A new derivative of dextran grafted with polyethylene glycol methacrylate through a carbonate bond (DEX-PEG-MA) has been synthesized and characterized. The photo-crosslinking reaction of DEX-PEG-MA allowed the obtainment of biodegradable networks tested for their mechanical and release properties. The new hydrogels were compared with those made of dextran methacrylate (DEX-MA), often employed as drug delivery systems of small molecules. The inclusion of PEG as a spacer created additional interactions among the polymeric chains improving the extreme fragility and lack of hardness typical of gels made of DEX-MA. Moreover, the different behavior in terms of swelling and degradability of the networks was able to affect the release of a model macromolecule over time, making DEX-PEG-MA matrices suitable candidates for the delivery of high molecular weight peptides. Interestingly, the combination of the two dextran derivatives showed intermediate ability to modulate the release of high molecular weight macromolecules.

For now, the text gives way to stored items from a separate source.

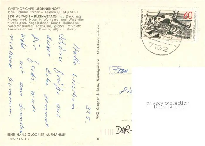 Kleinaspach Sonnenhof Gasthof Cafe Hallenbad Bar Kleinaspach postalisch gelaufen 1990 Erhaltung siehe scans [WerneD78] WernPID7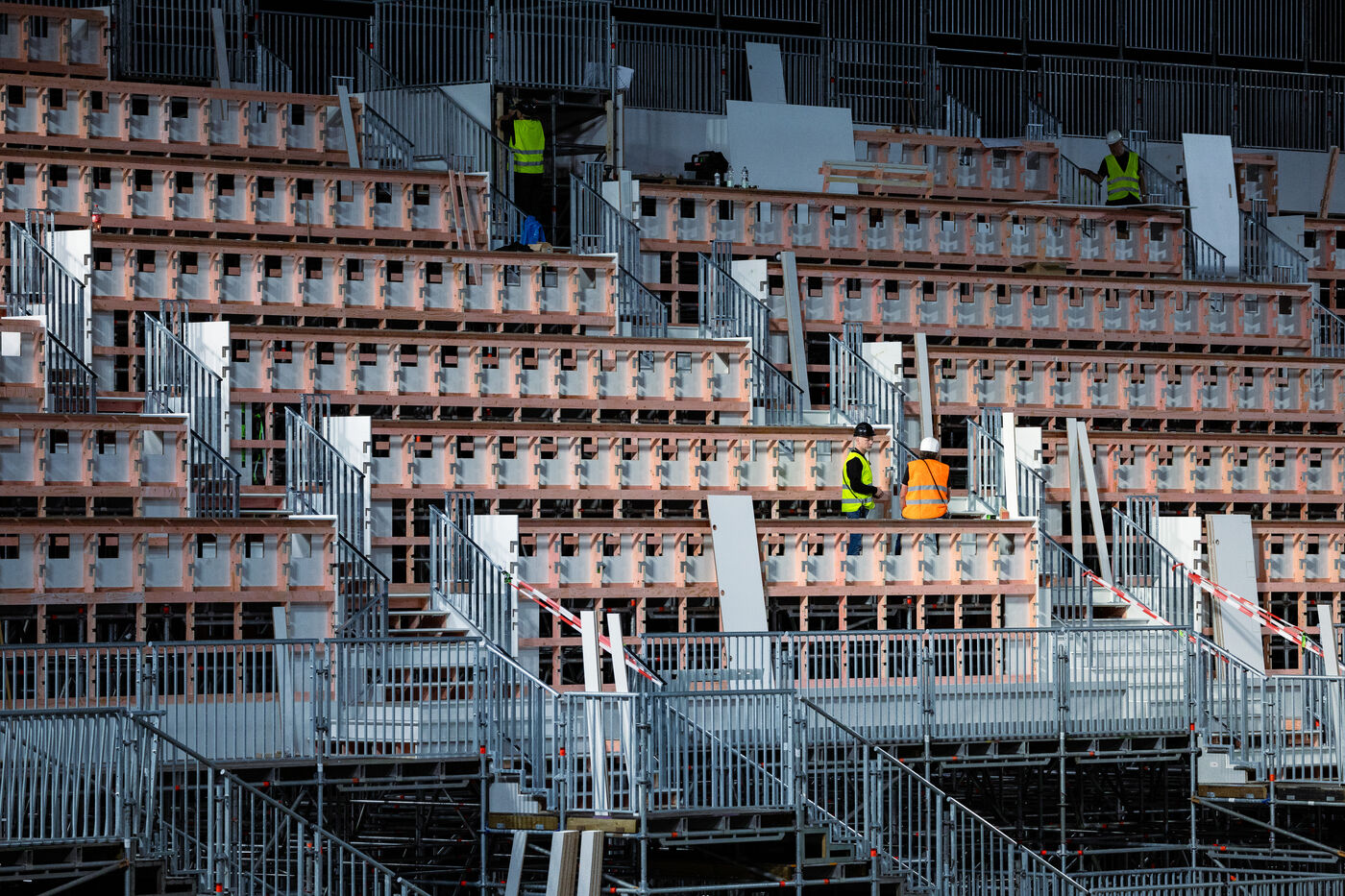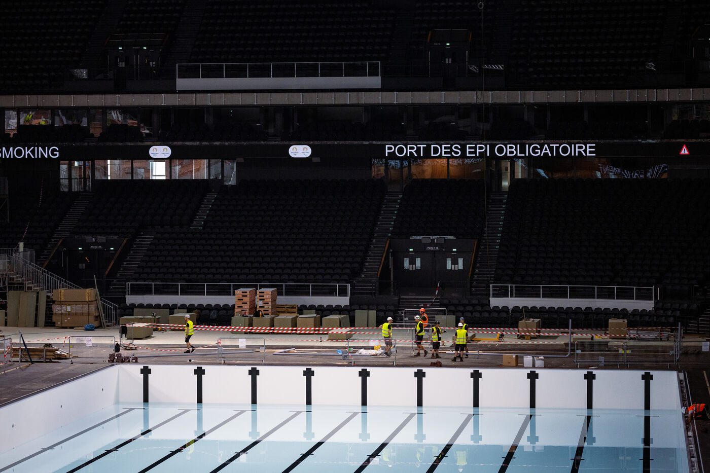 Chantier de transformation de la salle de concert La Defense Arena en piscine olympique - JO PARIS 2024 - Nanterre - 12 juin 2024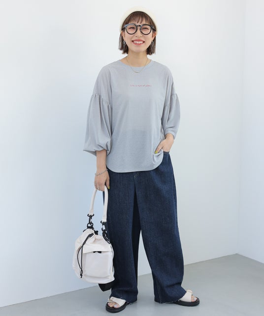 肌の露出は避けたいし、日焼けもしたくない、カーディガンやシャツが手放せない夏。来店されるお客さまやフォロワーさまからのお声をもとに、そんな悩みを一気に解決できる1枚を考案しました。控えめなシアー感のある素材を使い、長めの袖丈でも涼しげな印象になるよう袖にはボリュームを出しました。ロゴの配色はシンプルな着こなしのアクセントになります。

Novel injectable and in situ cross-linkable hydrogels of dextran methacrylate and scleroglucan derivatives: Preparation and characterization

In this paper mixtures of two biocompatible polymers, dextran methacrylate (DEX-MA) with different molecular weights and scleroglucan (Scl), in its native form and as carboxymethyl derivative (Scl-CM), were tested as injectable and in situ cross-linkable systems. Rheological and texture analyses were carried out to better investigate the behavior of this kind of matrices. The combination of these polymers is able to assure adequate mechanical properties, suitable for biomedical applications. In addition swelling studies and in vitro release studies of three different biomolecules were also carried out.

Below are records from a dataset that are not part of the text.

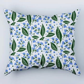 Poszewka z kory 50x60 | 027nie | biało niebieska | liście kwiaty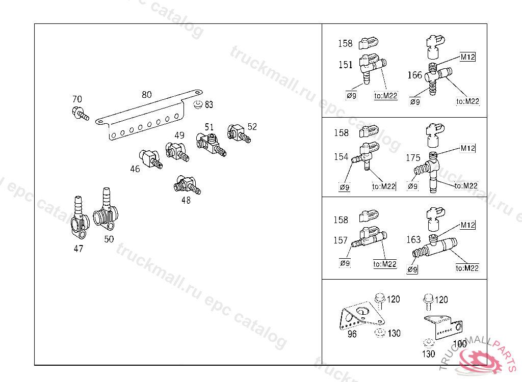 T-FITTING COMPRESSED-AIR-LINE PLUG-CONNECTION TO M 22, M 12X1.5 / 9 MM, VOSS 232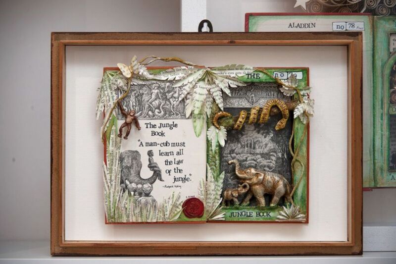 I have been working hard on a new collection of book sculptures to form my newest exhibition. These have been selected as part of the opening of a wonderful new gallery, The Ran Gallery, in Westbourne, Dorset. I have chosen to focus my collection on Fairy Tales and other classic stories. Each work portrays its original story through combining a reclaimed vintage book with found objects and hand-crafted paper structures. The exhibition is set to continue until the end of July. If your local to the area, or travelling down to visit one of the beautiful beaches Dorset has to offer, please pop along to take a look.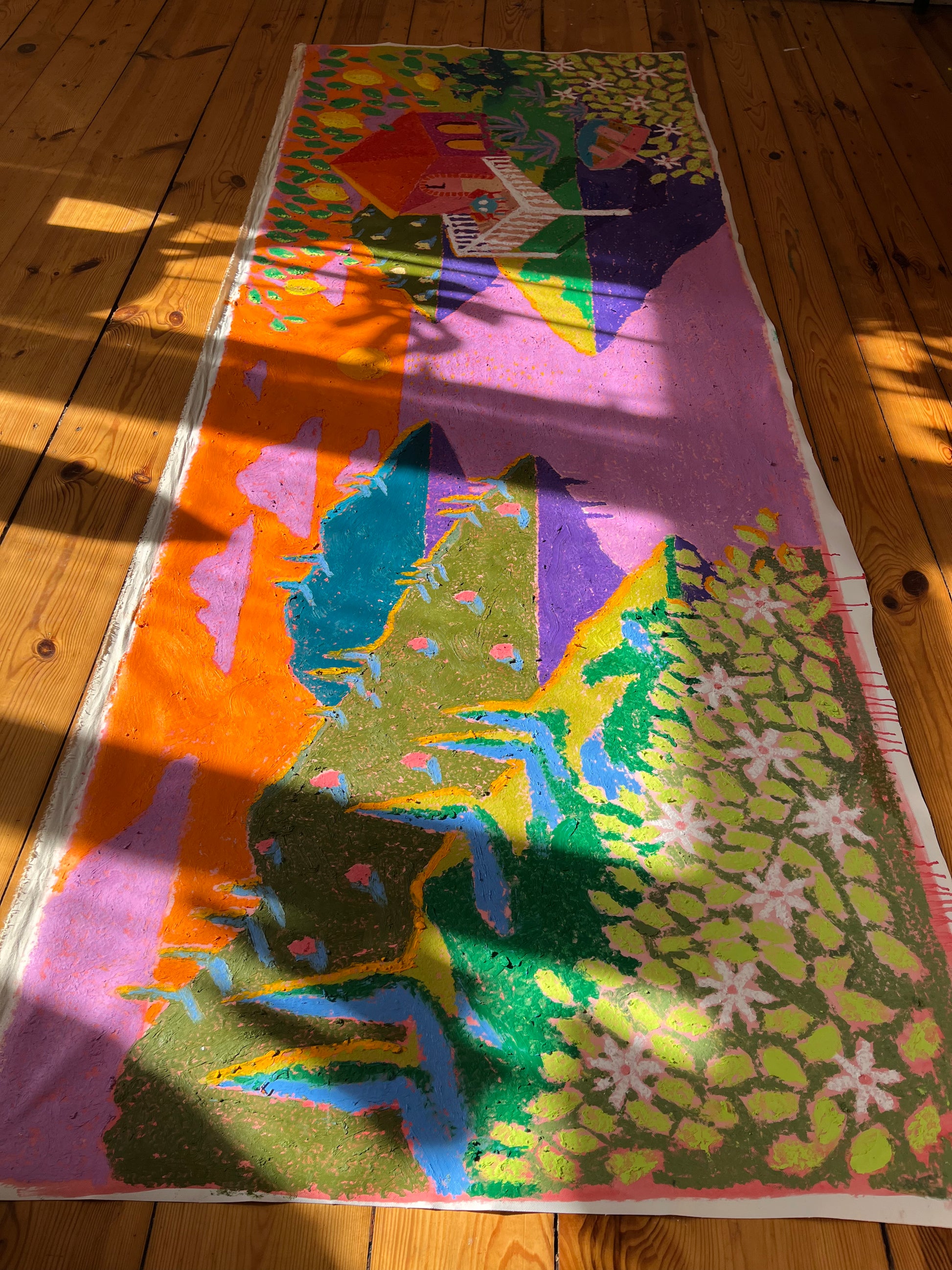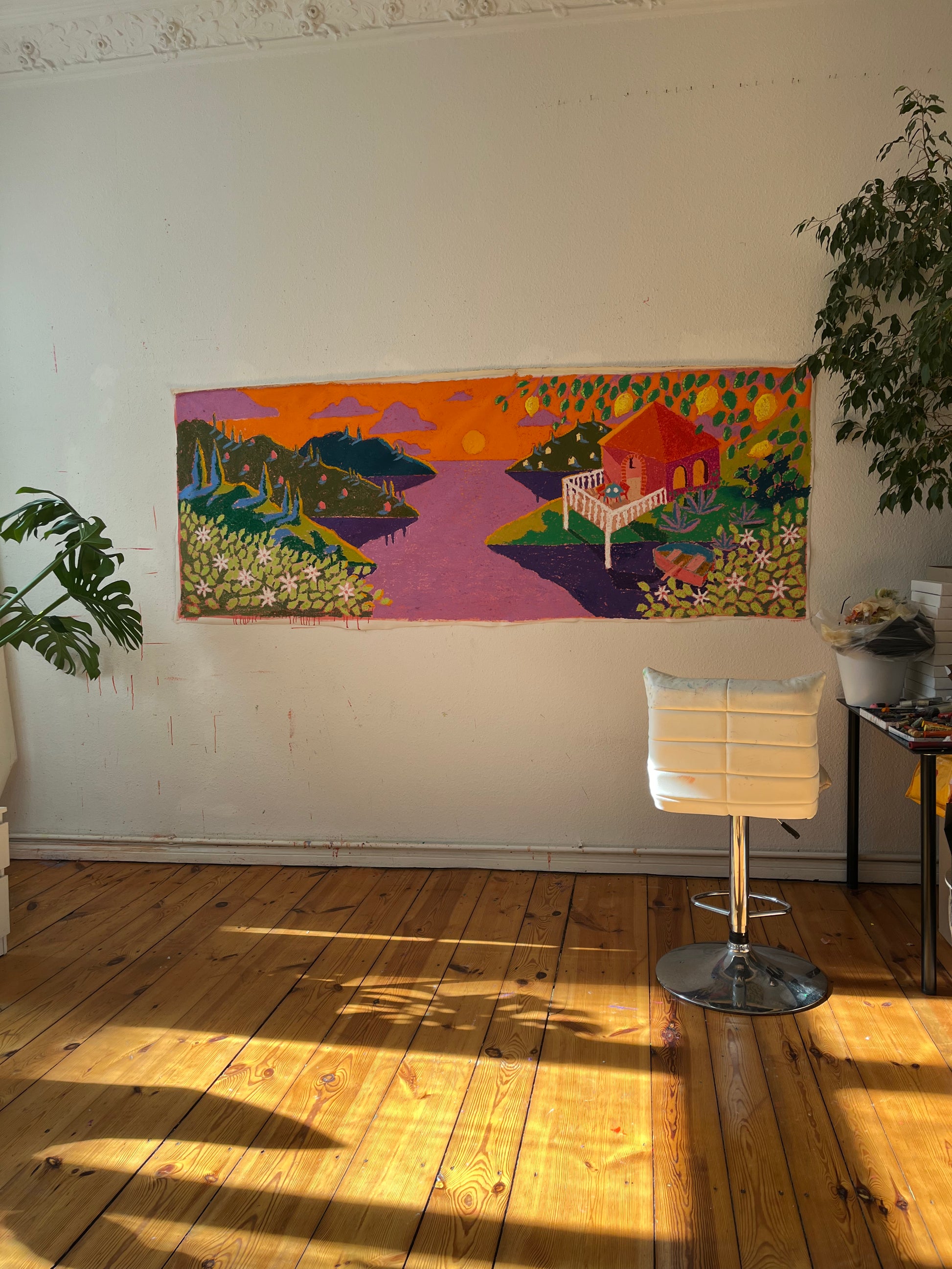 The frame on the picture is for presentation reference and is not included, the purchase contains only the painted canvas and the measurements refer to the canvas without framing

Physical Carboxymethylscleroglucan/Calcium Ion Hydrogels as Modified Drug Delivery Systems in Topical Formulations

A carboxymethyl derivative of scleroglucan (Scl-CM) with a 65±5% carboxylic group degree of derivatization (DD) was recently synthesized and characterized. Aqueous solutions of the polymer underwent to a sharp transition toward a gel like behaviour in the presence of divalent ions such as Ca+2. Physical hydrogels with different Scl-CM/Ca+2 ratios were prepared and characterized for their rheological behaviour. Their potential as drug delivery systems was also evaluated. To this end three non steroidal anti-inflammatory drugs (NSAIDs) were loaded into the hydrogels obtained with 2% w/v solution of Scl-CM and 0.05 and 0.1 M CaCl2. The release rate of the drugs was critically related to the salt concentration. By an appropriate combination of the hydrogels prepared using different amounts of salt, it was possible to obtain a system able to release diclofenac with zero-order kinetics. Primary skin irritation tests showed a good biocompatibility of the new polymer, as well as of its hydrogels. These results suggest a potential of the new hydrogels for the development of modified delivery systems in topical formulations.

pH-sensitive hydrogels of dextran: synthesis, characterization and in vivo studies.

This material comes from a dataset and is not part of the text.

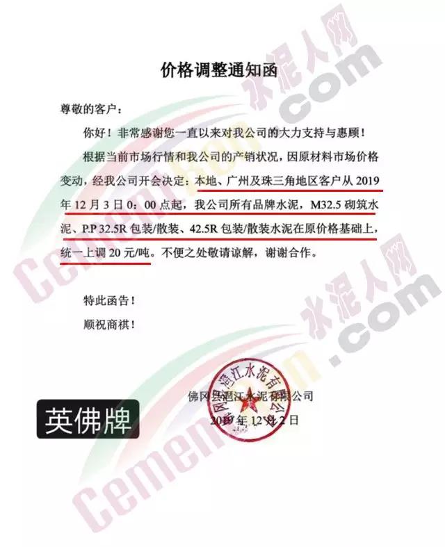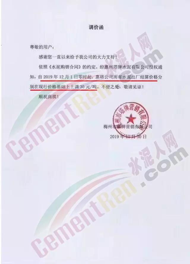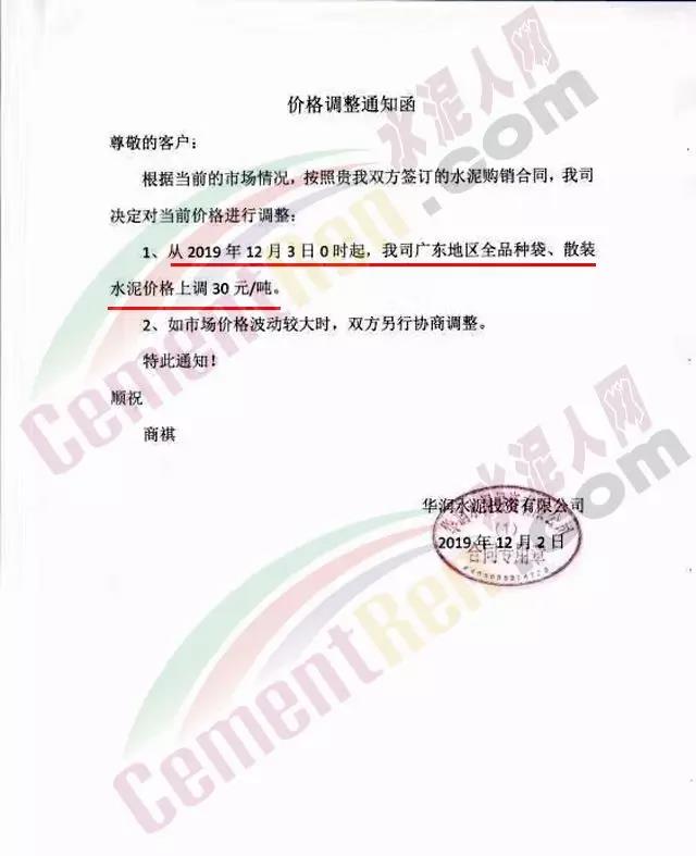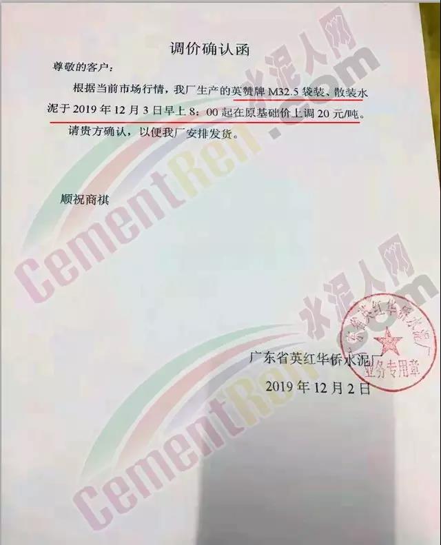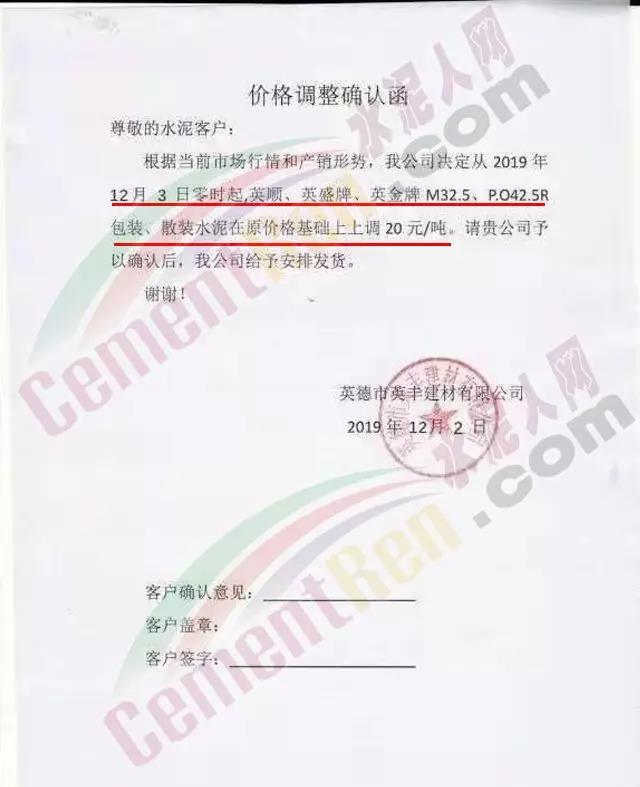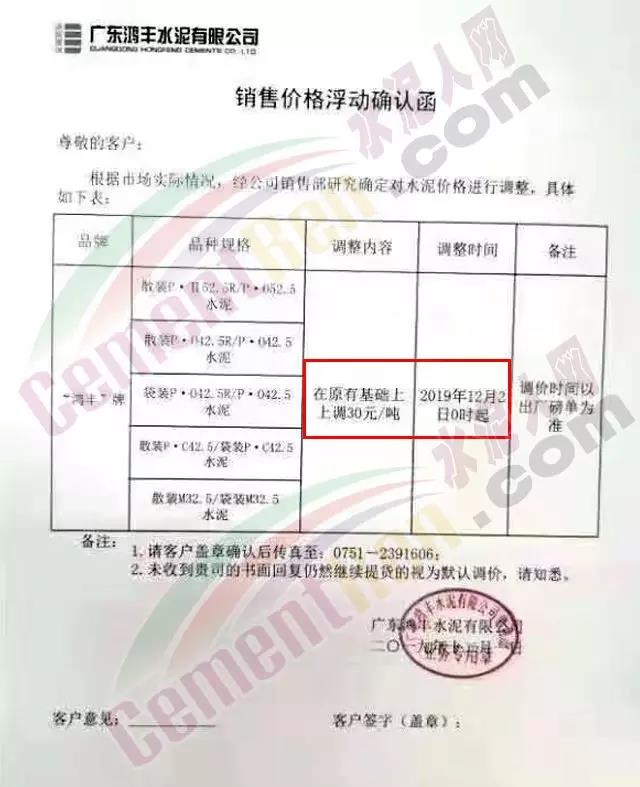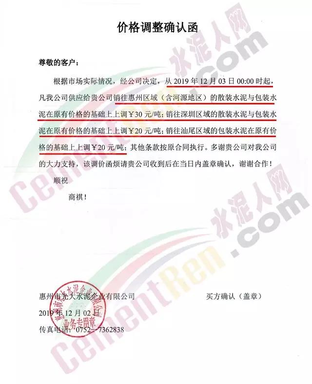 惠州光大水泥價(jià)格調(diào)整確認(rèn)函稱(chēng),自12月3日起銷(xiāo)往惠州區(qū)域(含河源地區(qū))的散裝水泥與包裝水泥在原價(jià)基礎(chǔ)上上調(diào)30元/噸;銷(xiāo)往深圳區(qū)域的上調(diào)20元/噸,銷(xiāo)往汕尾區(qū)域的包裝水泥在原價(jià)格基礎(chǔ)上上調(diào)20元/噸。

pH-Sensitive hydrogels of dextran were synthesized by photochemical cross-linking reaction of methacrylate dextran (DEX-MA) at different derivatization degree, functionalized with acidic residues through reaction with phthalic anhydride. The hydrogels were characterized by FT-IR spectra, swelling measurements, experiments of chemical and enzymatic hydrolyses. The swelling data agreed with the formation of networks having pH-sensitive behaviour. This property was confirmed by the morphological examination performed by scanning electron microscopy on samples maintained in media at different pH. (S)-4-Isobutyl-2-phenylpropionic acid (ibuprofen) was loaded into the polymeric matrices. The analysis of the release profiles of the drug from the three networks showed that all the matrices were able to retain ibuprofen during the transit through the stomach, releasing it in a sustained way in the intestinal tract at a rate strictly dependent on the derivatization degree in methacrylic groups. In vivo studies verified the biocompatibility of the materials. Moreover, when the matrix loaded with ibuprofen was administered to rats, it was able to protect them from the ulcerogenic effects of the drug.